In the concept of ‘terms of service’, power is lopsided innately, that is- power is more concentrated in the hands of the operators (Suzor, 2019). These sets of documents are strategically developed and serve to safeguard the commercial interests of the corporate platforms (Suzor, 2019). Although it seems logical for the social media corporations to serve themselves through terms of service as the users of these social media platforms are not required or forced to use them, it is also logical to at the least consider changing the term ‘terms of service’ as it can easily be misconstrued as the ‘protector’ of the interests of the social media users.
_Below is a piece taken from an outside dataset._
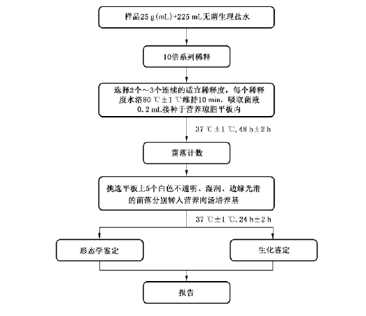 挑选平板上5个白色不透明、湿润、边缘光滑的菌落分别转入营养肉汤培养基37℃±1℃厌氧培养箱中培养24h±2h后进行形态学、生化鉴定。

It is something to think about that all it takes for social media users to be legally restrained by the social media corporations is a fraction of a second that it takes for them to click the ‘accept’ button below the ‘terms of service’. Such a huge repercussion of such a small action with no way out. If it is true that- “The legal reality is that social media platforms belong to the companies that create them, and they have almost absolute power over how they are run. (Suzor, 2019, p. 11).”, then what we, as users of these social media platforms, are asking for is, government’s regulation of these platforms which is against the principle of laissez-faire- a prevalent economic system in which private businesses are free from government intervention (Carver, 2014). What is contrasting is that democratic values such as ‘freedom of speech’ do not apply to these social media platforms, even though they operate in democratic nations. One of the examples of the ways in which social media has deeply penetrated into our lives is its use to plan, initiate and spread political action (Suzor, 2019).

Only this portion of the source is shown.